I always had it in my mind that I want to do a film where the characters were aware that they were in a film of some kind.

And then I was making jokes with my friends — Iʼve told them I wanted to make a foreign film. But nobody makes a foreign film. They just make a film from whatever country they are from. And then when it gets shown somewhere else then itʼs a foreign film. So the concept of a foreign film was sort of intriguing to me… Anyway I wanted to find a film that did not have subtitles and was in another language. So I was in a mall south of Minneapolis, Minnesota and there was a video store. They had a little foreign section with VHS tapes there. The first one I grabbed I gave it to the counter guy and said: “Could you pop this in?”. So he put it in and I watched 5 minutes and there wasnʼt subtitles and it looked like it was decent quality and I said: “Iʼll take it”. ʻCause it did not matter to we what it was as long as they were speaking another language.
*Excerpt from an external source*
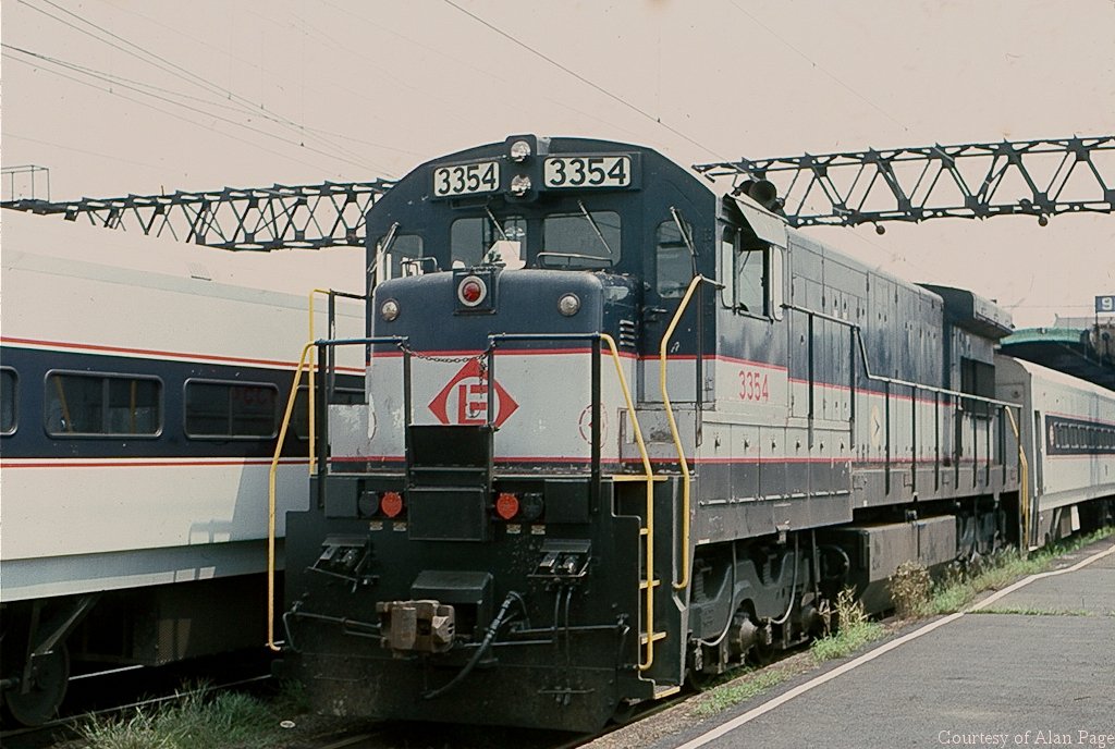 CR-operated former EL U34CH 3354 (CR roster 4154) waits to depart Hoboken in August, 1977.

So I took it home and watched it a few times and kept some notes. I wasnʼt exactly sure where it was going to go or how it all will come together. I did not really had a plan, I just started writing scenes. And not even writing — putting subtitles in there which seemed easier to me then writing.
The other important thing — it was not a comedy. I did not want to make comedy if the actors were playing it for laughs. Luckily, as I got in, the film was very melodramatic with very serious scenes which really makes the comedy work so much better.

What was the first scene written?

The first scene I wrote was an operating room scene. The doctor in the operating room just looks at his nurse and says: “The filmʼs just started and this guy is already dead. We already got a corpse”. And that was the opening line. It did not make the final cut.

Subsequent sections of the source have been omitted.